*** Opening Given records ***

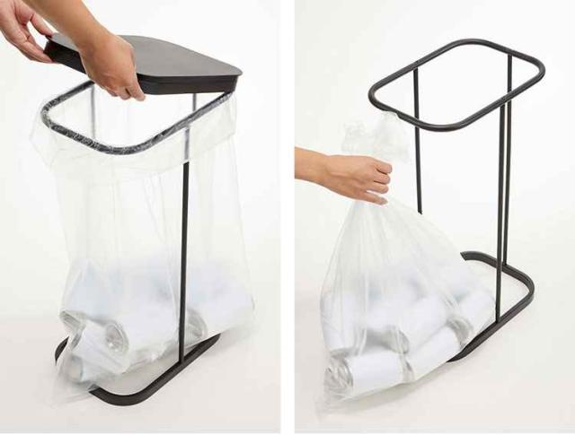 袋を掛けてフタをするだけでゴミ袋になる、LUCEの分別ゴミ袋ホルダー
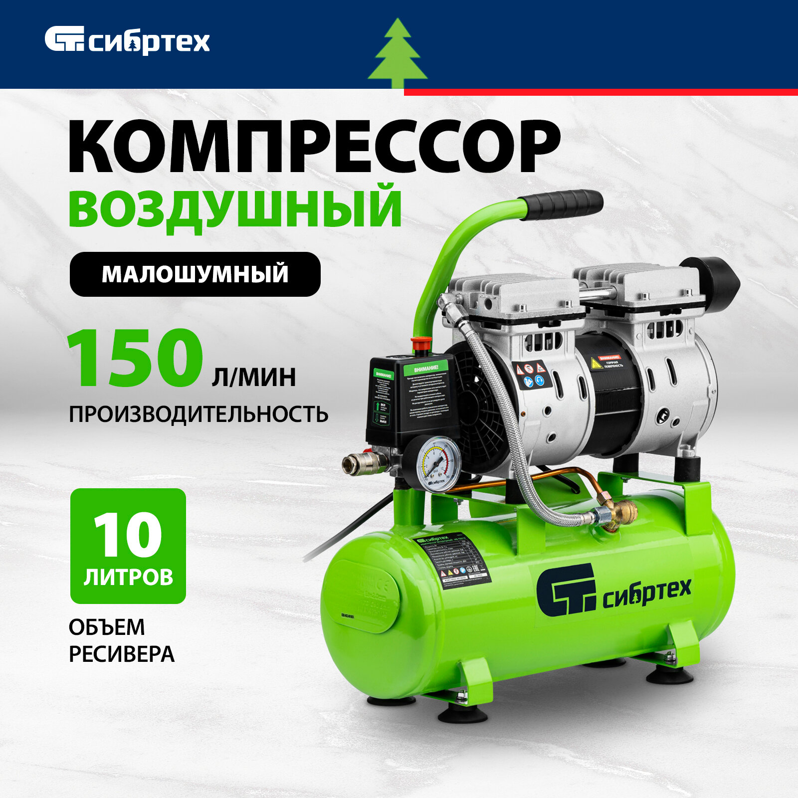 Компрессор воздушный 10л безмасляный Сибртех МБ 750/10, 750 Вт, 150 л/мин, малошумный, прямой привод, 58001
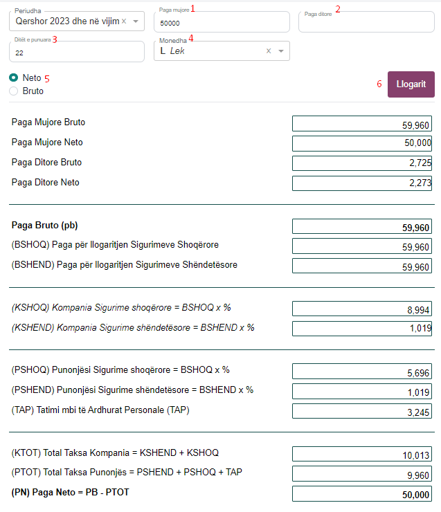 - Ditet e Punuara : Numri total i diteve të punuara nga punonjësi gjatë periudhës llogaritëse.
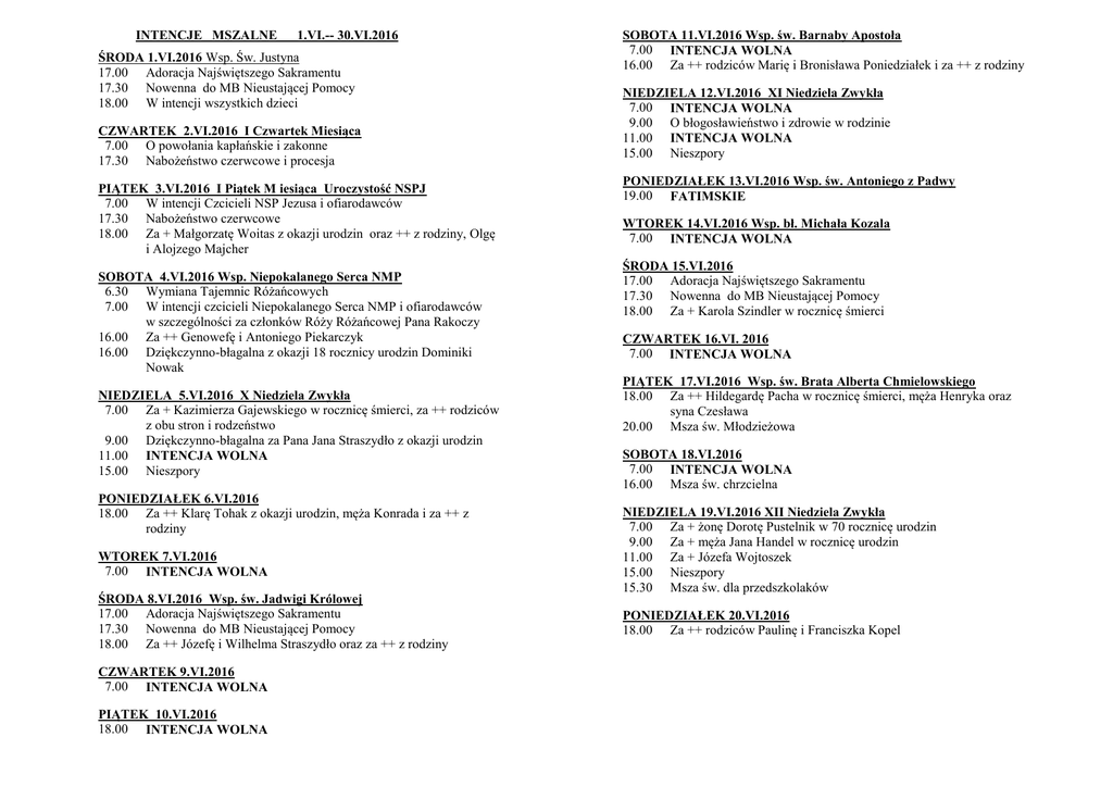 Intencje mszalne - czerwiec 2016 r.
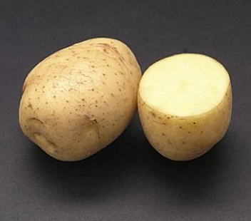 Клубни - овальные с мелкими глазками. Кожура гладкая и слегка шероховатая, желтая. Мякоть светло-желтая. Масса товарного клубня 82-107 г. Лежкость 94%.
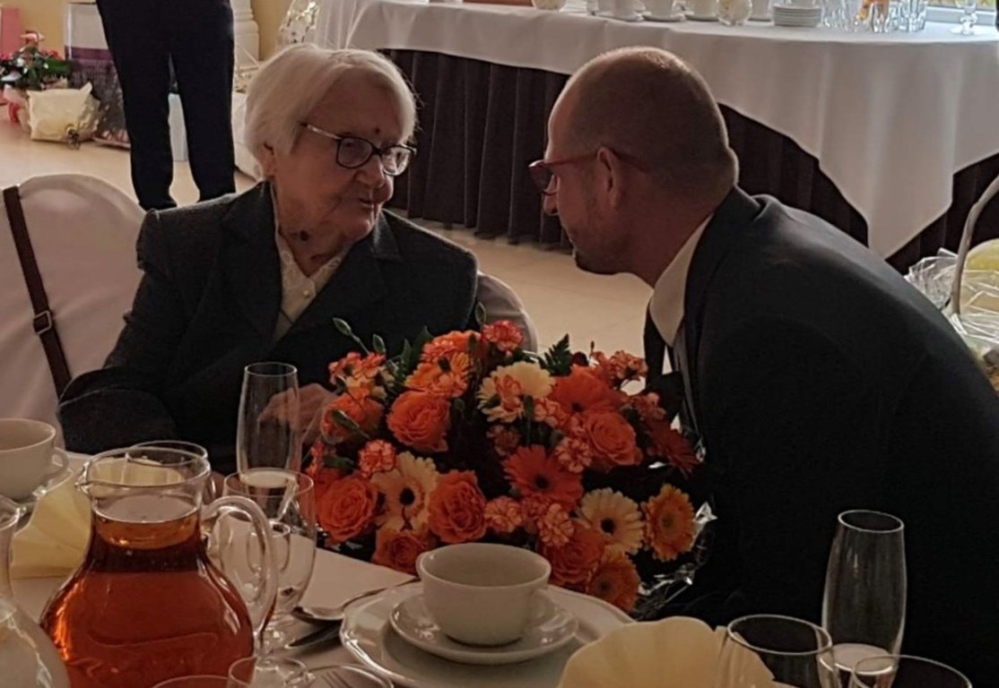 Teodora Marianna Kozłowska urodziła się dokładnie sto lat temu- 12 listopada 1919 roku w Ochodzy, jako drugie z kolei dziecko Józefa i Heleny Stachowiak. Edukację szkolną zaczęła w szkole powszechnej przy Klasztorze oo. Franiszkanów w Gnieźnie. Od jedenastego roku życia uczęszczała do Żeńskiego Gimnazjum im. Bł. Jolenty w Gnieźni (obecnie II Liceum Ogólnokształcące), aż do jego ukończenia. Podczas II wojny światowej z przydziału arbeitsamtu (biura pracy) pod konie 1941 roku razem z siostrą Zofią pracowała w cukrowni jako pracownice sezonowe. Po trzech tygodniach została wybrana do wyjazdu na przymusowe roboty do Niemiec. Wywieziono ją do miejscowości Hildesheim w górach Harzu, gdzie została zatrudniona od stycznia 1942 roku w fabryce części samolotowych jako nawijaczka. Tam pracowała do 8 kwietnia 1945 roku, praktycznie do chwili wyzwolenia przez wojska angielskie i amerykańskie. Był to obóz pracy. Do kraju udało jej się powrócić dopiero w marcu 1946 roku, a do Gniezna przyjechała 2 kwietnia 1946 roku. 29 stycznia 1947 roku wyszła za mąż za Klemensa Hartwicha, z którym miała trzech synów. W 1958 roku podjęła pracę zawodową w Miejskim Przedsiębiorstwie Przemysły Terenowego, a w wyniku reorganizacji została przeniesiona do Spółdzielni Budowlnej Remo- Bud, w której pracowała do chwili przejścia na emeryturę w kwietniu 1980 roku. Po czterech latach od śmieci męża Klemensa, dokładnie 28 kwietnia 1973 roku ponownie wyszła za mąż za Edmunda Kozłowskiego - nauczyciela w Szkole Specjalnej. Drugi mąż zmarł w maju 2001 roku. Pani Teodora jest matką trzech synów, babcią pięciu wnuków i jednej wnuczki, prababcią dwóch prawnuków i sześciu prawnuczek. Jubilatce w minioną niedzielę życzenia wszelkiej pomyślności miał okazję osobiście złożyć prezydent Miasta Gniezna Tomasz Budasz.
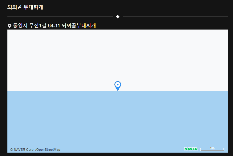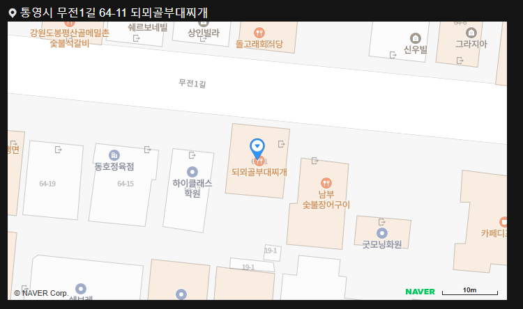 query: '통영시 무전1길 64-11 되뫼골부대찌개',
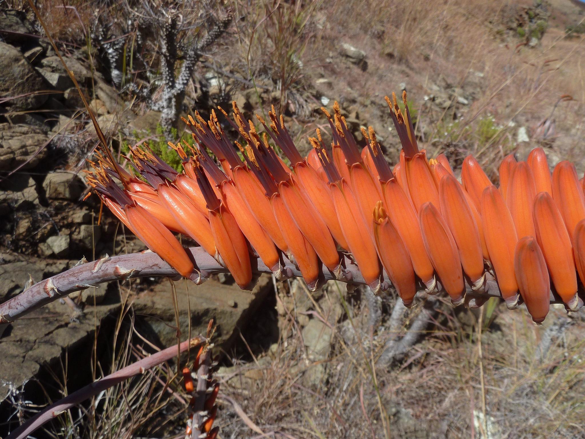 根据IUCN红色名录,Aloe ortholopha被列为“易危”(Vulnerable, VU)物种,主要威胁包括栖息地破坏(如农业扩张、采矿和森林砍伐)、非法采集(用于园艺贸易)和气候变化(如延长旱季导致的水资源短缺)。野生种群数量估计少于2500株,分布碎片化,受保护区覆盖有限。该种受CITES附录II管制,需要出口许可。保护措施包括原地保护(如建立微型保护区)、人工繁殖、种子库存储和监测。津巴布韦作为其原产地,实施本地法规,但执行挑战大。
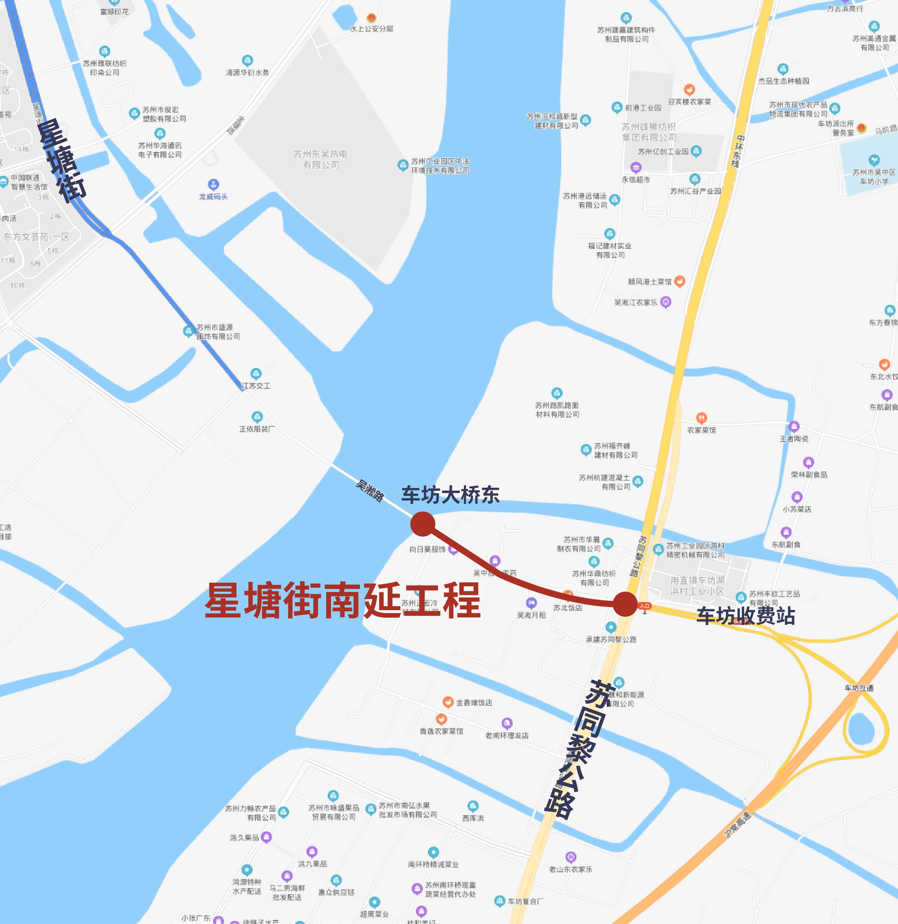 车坊大桥是苏州星塘街南延工程的一部分,此次与苏同黎公路的交接,为吴江至吴中增添了一条高速道路,加快了吴江与苏州主城的融合。
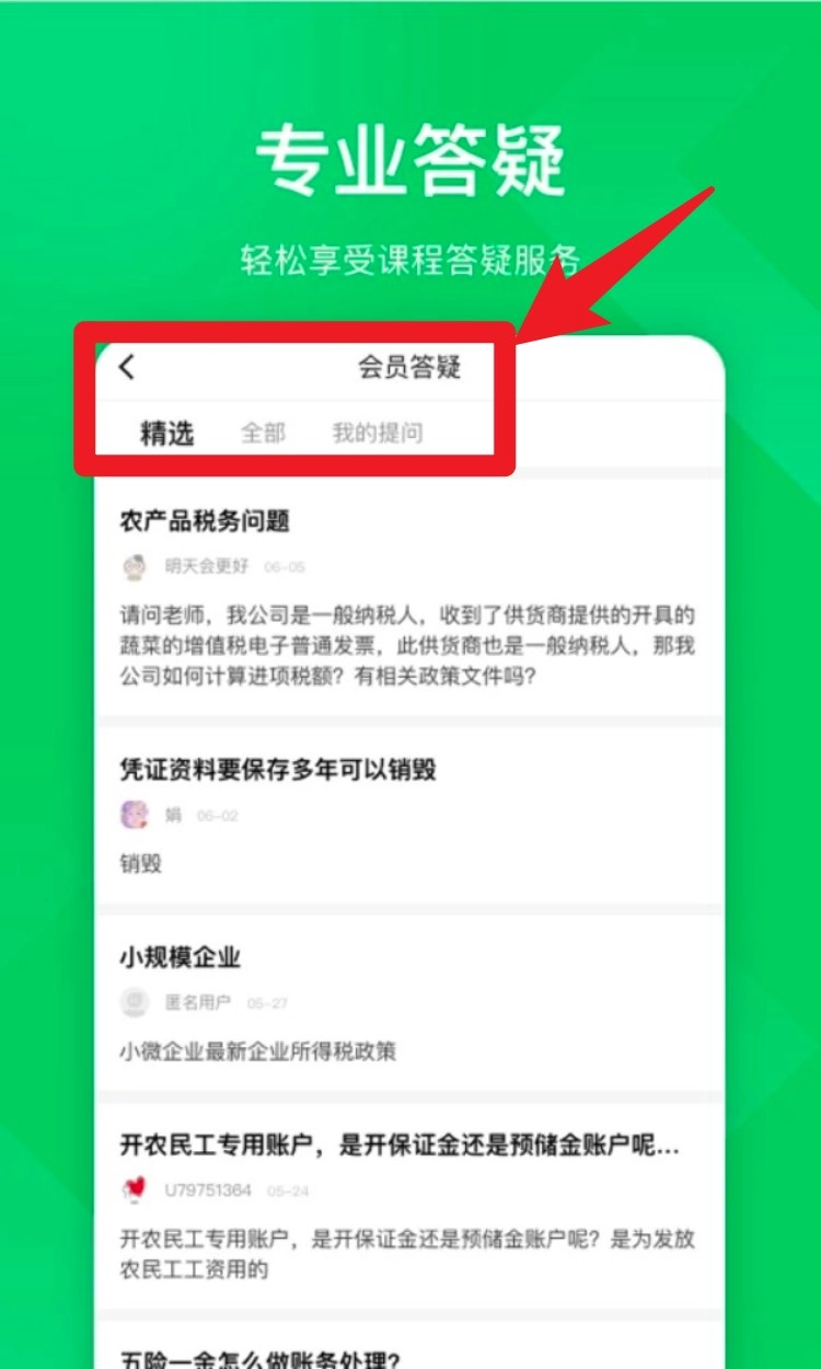 進(jìn)入會(huì)員答疑頁面后,既能瀏覽精選提問,也可切換至“我的提問”查看個(gè)人提問記錄。
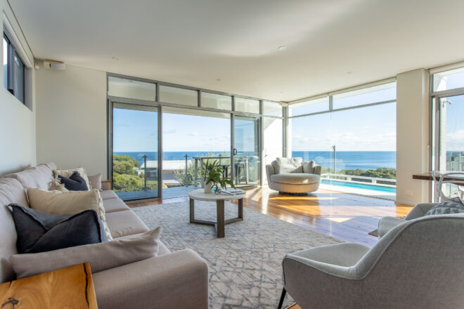 Outside, Bilyarra’s wrap-around balcony always reminds guests of what’s right in front of them – one of the most beautiful ocean vistas around – which can also be enjoyed from multiple outdoor entertaining areas. Then, there’s the pool: a cool vantage point in which to soak in vibrant blue hues.
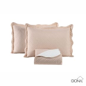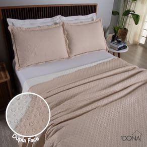 Kit Cobre Leito Colcha Casal Dupla Face Madrid 3 Peças - BEGE
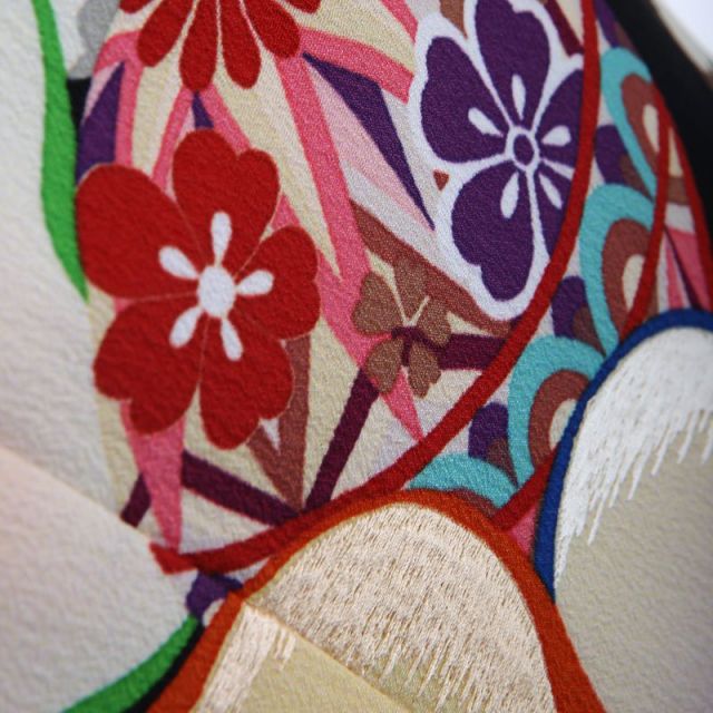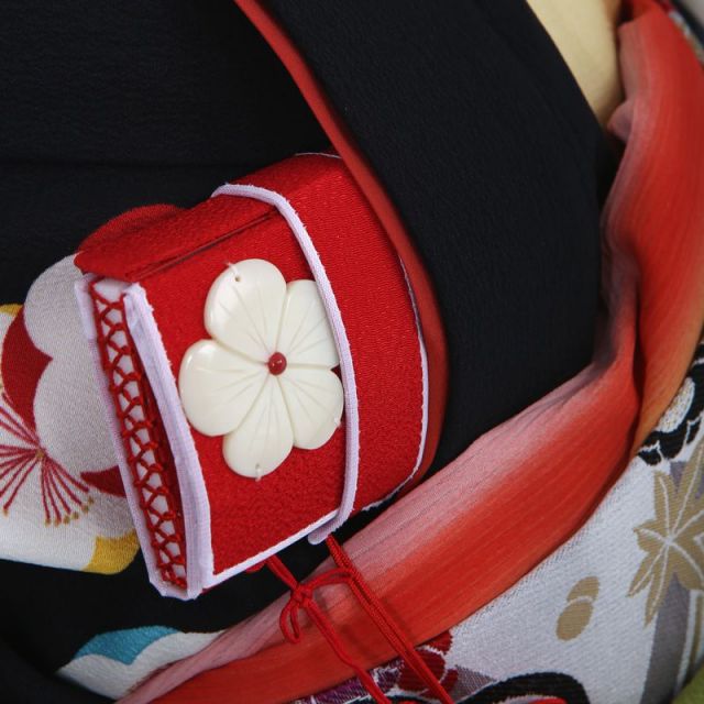 大きく描かれた“梅”と、それに寄り添うように咲く“桜”がシックな黒地に映え、晴れの日のお着物にふさわしい美しさと可愛らしさを演出します。“梅”は寒い冬を越え、まだ肌寒い初春にいち早く花を咲かせます。その姿は古くから尊ばれ、「忍耐」「美」を表す花として愛されてきました。ふんわりと描かれた梅がお着物の中でなんとも可愛らしく咲いています。“桜”は「国花」でもあり、日本人にはなじみの深い花です。春なるといっせいに咲くことから「繁栄」「豊かさ」を願って描かれます。晴れの日のお着物には欠かせないお花です。梅と桜の文様が描かれた“毬”は、花々の中をコロコロと動いているようで可愛らしいですね。“毬”はその丸い形から、「丸くおさまる」「丸々と育つ」という意味を持ちお子様が幸せに成長し、平穏に暮らせるようにとの願いが込められています。お子様の可愛らしさを引き立てる素敵な一着になることでしょう。

*** Closing Given records ***

Without the pictures, return the listing above from its first line through the line that has "Клубни - овальные".

Answer box —
 袋を掛けてフタをするだけでゴミ袋になる、LUCEの分別ゴミ袋ホルダー
 Компрессор воздушный 10л безмасляный Сибртех МБ 750/10, 750 Вт, 150 л/мин, малошумный, прямой привод, 58001
 - Ditet e Punuara : Numri total i diteve të punuara nga punonjësi gjatë periudhës llogaritëse.
 Intencje mszalne - czerwiec 2016 r.
 Клубни - овальные с мелкими глазками. Кожура гладкая и слегка шероховатая, желтая. Мякоть светло-желтая. Масса товарного клубня 82-107 г. Лежкость 94%.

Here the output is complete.